87. What is the character’s connection to the overall storyline?

Before even finishing the story, the author should already have an initial evaluation of the fate of each character.

88. Your character is at a bar when the one person you don’t want to see walks in.

Who are they? How do you react?

89. How would your character react if he/she was catcalled?

Would your character get angry or just ignore them?

90. How would your character react if he/she saw a friend who owes him/her money spending frivolously?

Would your character confront the person or just leave them alone?

91. The character’s friends are speaking unfairly about a mutual friend.

Does he/she speak up or just leave them alone?

92. How would your character react if he/she witnessed a victimless crime?

Is your character the type to get involved and fight for justice?

93. Who was the first person to break your character’s heart?

Broken hearted characters make for a wonderful story.

94. Who was the last person to make your character happy?

You can write about past loves, childhood memories or even happy coincidences that your character treasures.

95. What does your character think about in the shower?

It’s when the character closes his/her eyes and just feels the flow of the water when you can write about his reflections, plans, realizations.

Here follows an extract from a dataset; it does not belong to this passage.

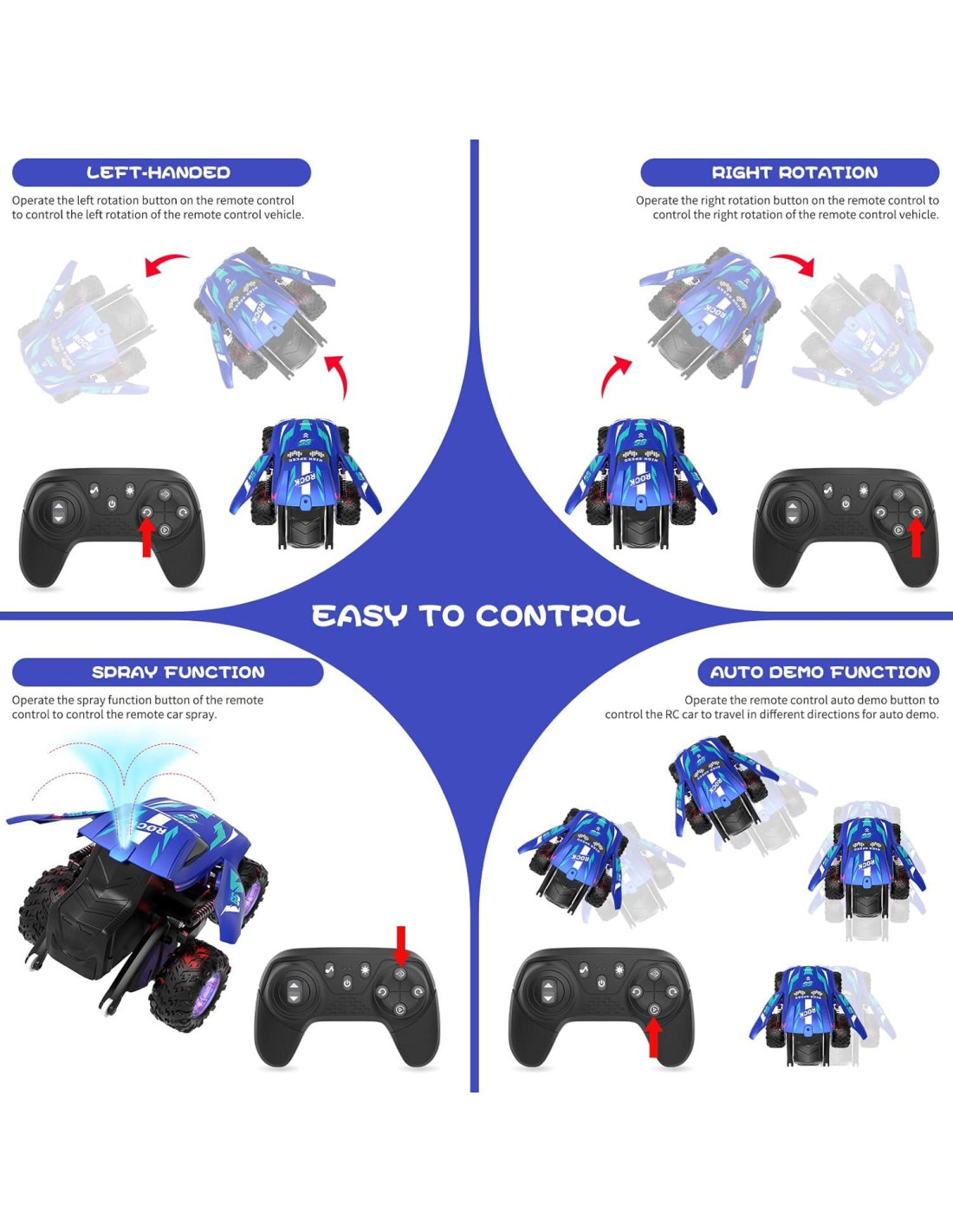 - COCHE RC BAILARÍN CON MÚSICA: ITEFDTUTNE presenta un coche de juguete - una nueva generación de coche RC con música y luces sensacionales, instalación de spray, rotación de 360. Con función de demostración automática. Presiona el botón de demostración para mostrar automáticamente acrobacias asombrosas, dejando a los niños inmersos en la diversión de conducir y un festín visual. Fácil de operar, adecuado para niños y adultos.

96. Does the character stay up late or wake up early?

Is he/she a night owl or an early bird?

97. What does your character do if he/she can’t sleep?

Maybe find some snack, pray, write or stare blankly at the ceiling?

98. Who or what does the character turn to when he/she is upset?

You can mention his/her shopping tendencies, overeating tendencies, drug tolerance or anything that would match and explain why he/she is the way he/she is.

99. If your character could erase one movie from existence, what would it be?

You must be thoroughly knowledgeable of your character for you to know this.

100. What is the one word you would use to define him/her?

If you could find the perfect word, you’d be able to use it as a theme for the character’s personality throughout the novel/story.

What are some of your own character development questions that you ask yourself when it comes to writing the first drafts of your story? As the author, what do you think you need to know about the characters in order to breathe life into them?